Scientists have embarked on a quest to map one-eighth of the entire sky looking for clues about dark energy, the mysterious force believed to be responsible for the ever-accelerating expansion of the universe.
The five-year Dark Energy Survey (DES) officially began after sunset on Aug. 31. Its main instrument is the 570-megapixel Dark Energy Camera at the Cerro Tololo Inter-American Observatory in the Andes Mountains in Chile.
Though scientists think dark energy comprises 74 percent of the universe, they do not fully understand what it is. Dark energy, for now, is the name given to the force that seems to be working against gravity, causing the expansion of the universe to speed up instead of slow down. [The History & Structure of the Universe (Infographic)]
In each snapshot, the powerful Dark Energy Camera, which was built at Fermilab in Batavia, Ill., will be able to detect light from more than 100,000 galaxies up to 8 billion light-years away. Over five years, scientists expect they will collect color images of 300 million galaxies. They also anticipate that they will discover 4,000 new supernovas, including many that burst onto the scene when the universe was half its current size.

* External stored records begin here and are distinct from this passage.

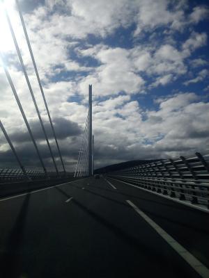 zum beispiel an das schoene vichy, an die unglaubliche erscheinung der stadt puy en le valey, an die vielen orte die wir waehrend der fahrt sehen durften, an den buddhistischen tempel der wie aus dem nichts ploetzlich vor uns erschien, die kneipen und bars, die oft an skurrilitaet nicht zu ueberbieten schienen ( besonders die mit der koechin, die mit lila farbenen dreads und nem papagei auf dem kopf kochte) und die menschen, die uns aufnahmen, uns halfen und erfreuten. ich persoenlich verliebte mich in eine rockverkaeuferin aus der bretagne und bertram in einen musiker aus lodeve.
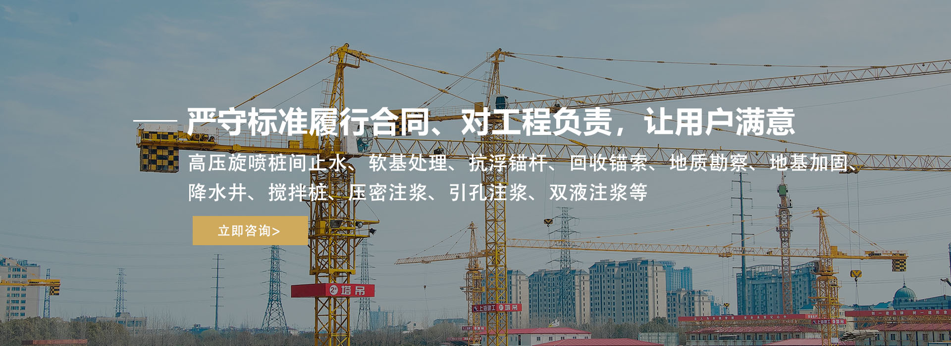 公司主營:高壓旋噴樁間止水、軟基處理、抗浮錨桿、回收錨索、地質勘察、地基加固、降水井、攪拌樁、壓密注漿、引孔注漿、雙液注漿等,公司規模龐大,不斷超越、追求完美,誠信為本、創新為貌、嚴守標準履行合同,工程優質、信譽至上,對工程負責,讓用戶滿意。
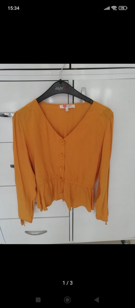 Sarı keten gömlek, uzun kollu ve V yakalıdır. Düğmeli ve midi boyda, rahat kesimlidir. Günlük sokak stiline uygundur.
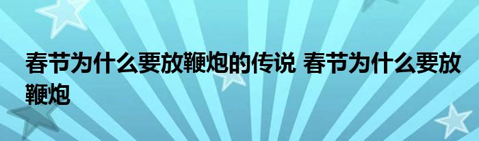 大家好,小知来为大家解答以上问题。春节为什么要放鞭炮的传说,春节为什么要放鞭炮,这个很多人还不知道,现在让我们一起来看看吧!
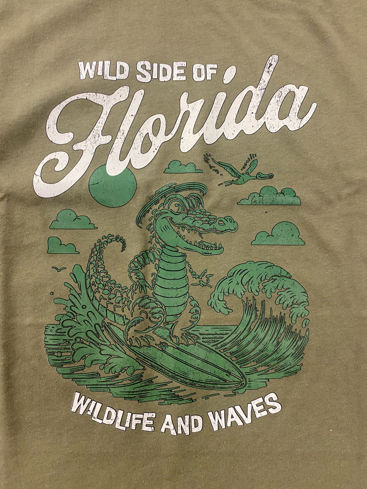 Bring the adventure of the Sunshine State to your style with the Wild Side of Florida Tee. Featuring a bold alligator graphic surrounded by palms, waves, and wildlife, this shirt captures the untamed spirit of Florida’s coasts. Perfect for beach days, casual outings, or streetwear fits, it’s designed to stand out while keeping you comfortable
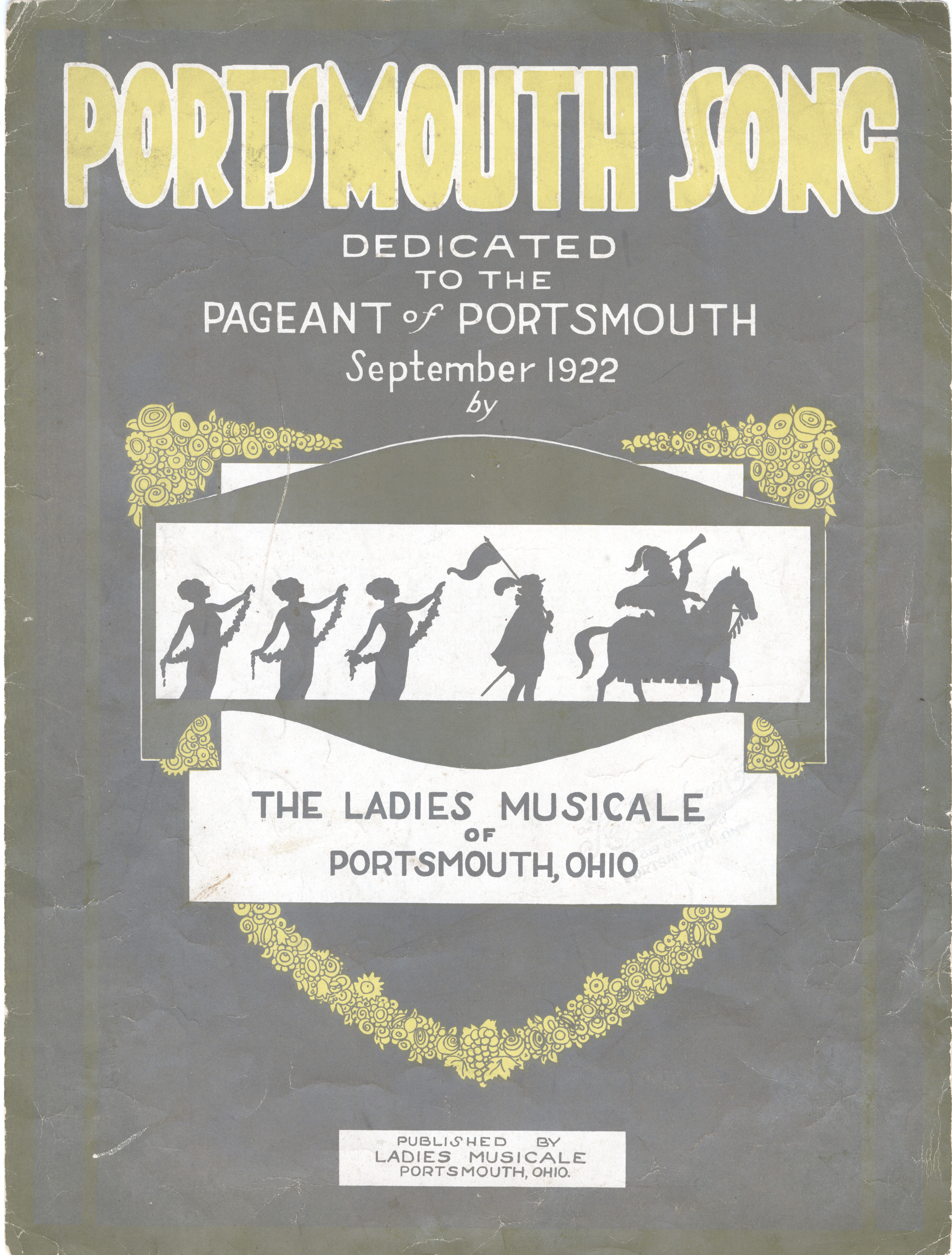 - Green, yellow and white paper pamphlet with "Portsmouth Song, Dedicated to the Pageant of Portsmouth, September of 1922." Yellow floral illustration with figures. Inside is the song with music.

Scientists will be mining those images to chart the history of cosmic expansion, which could reveal new insights about how dark energy works.
"We're looking at this big galaxy map of the universe as a way of finding evidence for dark energy and characterizing its nature with cosmic epoch," Ofer Lahav, of University College London and head of the DES science committee, said in a statement. "An even more challenging goal for DES is to tell if what causes the acceleration of the universe is indeed dark energy, or something entirely different."
The project researchers say they will use four methods to investigate dark energy.
They will count galaxy clusters at different points in time to glean information about the competition between gravity, which pulls mass together to form galaxies, and dark energy, which pushes mass apart.
The scientists will also measure the brightness of supernovas, the explosions of massive stars that have reached the end of their lives. By gauging how far away these distant supernovas are, scientists can better determine how fast the universe has been expanding.
They will measure the shapes of millions of galaxies to reveal how dark energy might interact with gravity to shape dark matter, another elusive component of the universe about which little is known. (Light bends around dark matter, causing some faraway galaxies to appear distorted from scientists' view on Earth.)
Lastly, the team says it will use sound waves to create a large-scale map of the universe's expansion over time. When the universe was very young, the play between matter and light kicked off a series of sound waves that left an impression on how galaxies are distributed throughout the universe. Better data on the shape of this imprint could be used to understand the universe's current and past expansion rates, the researchers say.